Terminal cancer diagnosis sparks young family’s trip of memories and love

By Ellie Willcox

Kate Hardman was heavily pregnant with her third child when she was diagnosed with terminal cancer and given three years to live.

“Your world falls apart, you’re terrified,” Kate said.

She had previously been diagnosed with breast cancer twice, but this time it had spread to her spine, fracturing the C5 vertebra in her neck.

“You feel like you’re going to lose everything, you feel like you’re going to miss out on your children growing up.”

A woman lies in a hospital bed with a neck brace on.
Kate Hardman required surgery after breast cancer spread to her spine. (Supplied: Kate Hardman)

Kate was flown from Darwin to Brisbane for immediate surgery on her neck and gave birth to her daughter a week later.

“She came at 35 weeks, perfectly healthy, little bundle of joy, small but perfect,” the proud mum said.

“No effects from the treatment, the surgeries or anything that we’d been through.”

Kate, now 40, was first diagnosed with breast cancer in 2017 after she discovered abnormalities while breastfeeding her first baby, a son who is now eight.

A pregnant woman wears a neck brace in a hospital bathroom.
Kate Hardman was pregnant with her third child when she was diagnosed with terminal cancer. (Supplied: Kate Hardman)

She had a mastectomy on her left breast and was given ongoing medication, which she came off in 2021 so she and her husband Kriss Hardman could expand their family.

In 2023, when she was pregnant with her third child, the cancer returned in her right breast.

“I was 23 weeks pregnant when I was diagnosed for the second time with breast cancer, but it was bilateral … so I had a mastectomy on the right [breast],” Kate said.

At 28 weeks, she began chemotherapy.

“I started my chemotherapy and then I started to get a sore neck … it got increasingly worse … I was having spasms in it.”

A CT scan showing a fractured vertebra in a neck.
Kate Hardman’s breast cancer spread to her spine, fracturing her C5 vertebra. (Supplied: Kate Hardman)

A CT scan revealed the cancer had spread to her neck and was now incurable.

“You kind of hit rock bottom, it’s just devastating … your world gets turned upside down,” Kate said.

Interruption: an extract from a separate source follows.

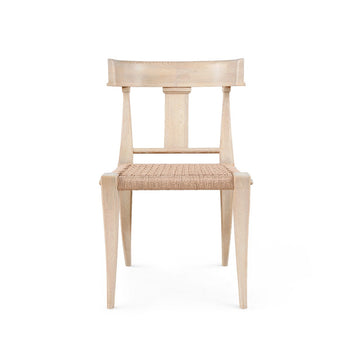 Meet the Milos Side Chair—a sophisticated statement inspired by the iconic Robsjohn Gibbings. Crafted from solid oak in the timeless Greek Klismos style, its classic form exudes character. Elegant curves and coved details grace the back and legs, while the handwoven basketweave-patterned seat adds a touch of artisanal charm. Elevate your space with this tasteful blend of tradition and craftsmanship. 21.25W x 24D x 34.25H

Her husband described the prognosis as overwhelming.

“Everything is on your brain, a million miles an hour,” he said.

“You’re thinking, ‘How long is she going to be here for? Am I going to be bringing three kids up on my own as a single dad?’.”

But after the initial shock, the couple decided it was time to shift their perspective and make the most of their time together.

Two adults and three children running along a beach, laughing.
Kate and Kriss Hardman have three young children. (Supplied: Kate Hardman)

Determined to find joy in living

The Hardmans have created a list of everything they want to experience together as a family, while they still can.

“Don’t wait to live your life,” Ms Hardman said.

“Get out there and do what you want to do because no one is promised tomorrow.”

Along with their kids — their son, and their daughters, aged three and one — they packed their lives into a caravan almost two months ago and hit the road.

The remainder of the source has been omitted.